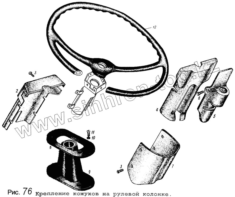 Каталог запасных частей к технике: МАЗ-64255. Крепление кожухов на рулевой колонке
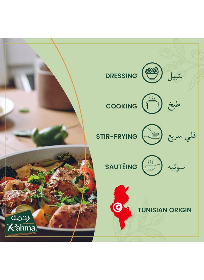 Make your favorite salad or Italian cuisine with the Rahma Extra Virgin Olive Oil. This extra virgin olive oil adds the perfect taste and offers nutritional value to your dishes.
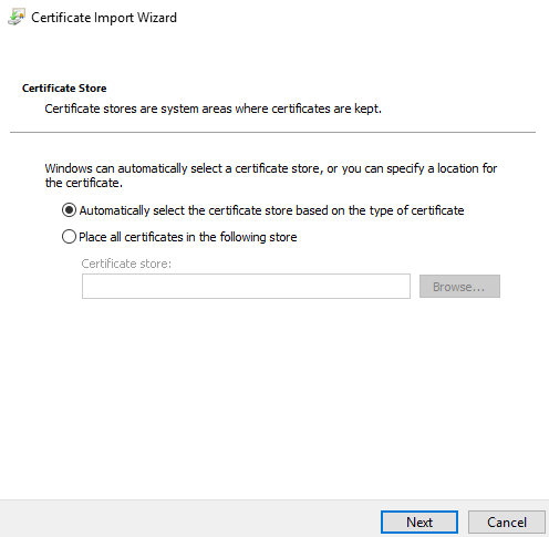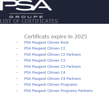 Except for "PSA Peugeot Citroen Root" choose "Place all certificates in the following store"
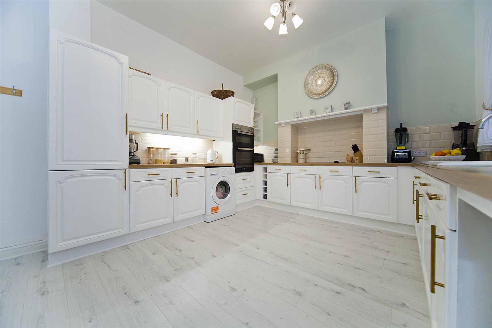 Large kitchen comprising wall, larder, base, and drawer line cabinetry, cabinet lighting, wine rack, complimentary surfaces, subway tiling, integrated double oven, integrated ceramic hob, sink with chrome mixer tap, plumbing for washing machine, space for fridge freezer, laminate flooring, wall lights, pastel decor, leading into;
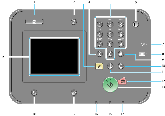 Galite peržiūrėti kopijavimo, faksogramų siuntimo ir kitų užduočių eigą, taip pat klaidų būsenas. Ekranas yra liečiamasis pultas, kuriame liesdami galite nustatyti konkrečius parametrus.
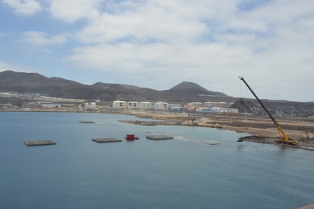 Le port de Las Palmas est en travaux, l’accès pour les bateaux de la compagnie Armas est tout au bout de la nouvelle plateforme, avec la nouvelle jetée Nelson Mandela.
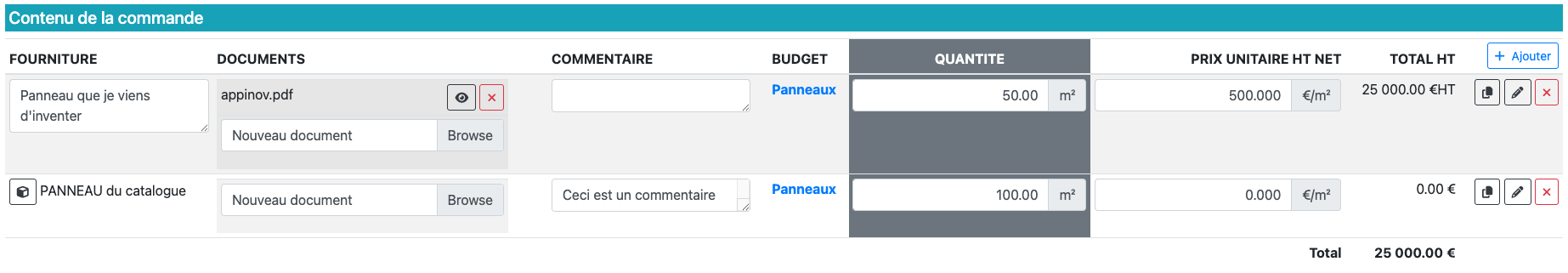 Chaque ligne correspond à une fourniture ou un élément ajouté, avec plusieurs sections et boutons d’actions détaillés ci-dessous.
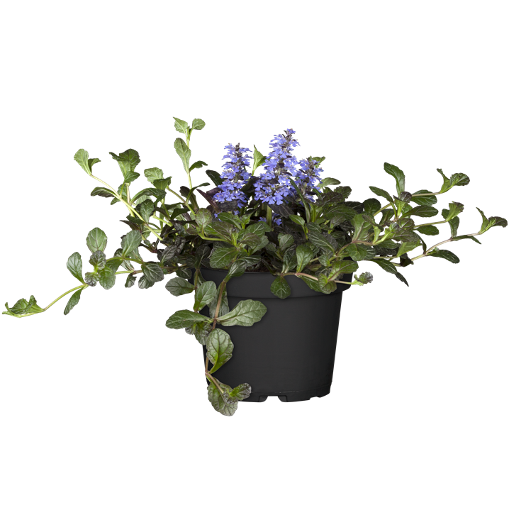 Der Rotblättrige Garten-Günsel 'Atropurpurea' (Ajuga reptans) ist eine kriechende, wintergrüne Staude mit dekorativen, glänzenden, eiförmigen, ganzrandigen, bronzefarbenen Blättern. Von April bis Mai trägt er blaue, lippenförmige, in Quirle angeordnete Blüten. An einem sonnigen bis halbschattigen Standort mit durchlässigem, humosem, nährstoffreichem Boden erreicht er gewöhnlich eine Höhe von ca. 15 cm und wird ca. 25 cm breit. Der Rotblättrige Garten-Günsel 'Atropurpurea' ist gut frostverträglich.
#####
> What needs to be done: For this answer, return word for word the lines from the first line of the records through the line containing "Chaque ligne correspond". Omit the pictures.

> Task solution:
 Каталог запасных частей к технике: МАЗ-64255. Крепление кожухов на рулевой колонке
 Make your favorite salad or Italian cuisine with the Rahma Extra Virgin Olive Oil. This extra virgin olive oil adds the perfect taste and offers nutritional value to your dishes.
 Except for "PSA Peugeot Citroen Root" choose "Place all certificates in the following store"
 Large kitchen comprising wall, larder, base, and drawer line cabinetry, cabinet lighting, wine rack, complimentary surfaces, subway tiling, integrated double oven, integrated ceramic hob, sink with chrome mixer tap, plumbing for washing machine, space for fridge freezer, laminate flooring, wall lights, pastel decor, leading into;
 Galite peržiūrėti kopijavimo, faksogramų siuntimo ir kitų užduočių eigą, taip pat klaidų būsenas. Ekranas yra liečiamasis pultas, kuriame liesdami galite nustatyti konkrečius parametrus.
 Le port de Las Palmas est en travaux, l’accès pour les bateaux de la compagnie Armas est tout au bout de la nouvelle plateforme, avec la nouvelle jetée Nelson Mandela.
 Chaque ligne correspond à une fourniture ou un élément ajouté, avec plusieurs sections et boutons d’actions détaillés ci-dessous.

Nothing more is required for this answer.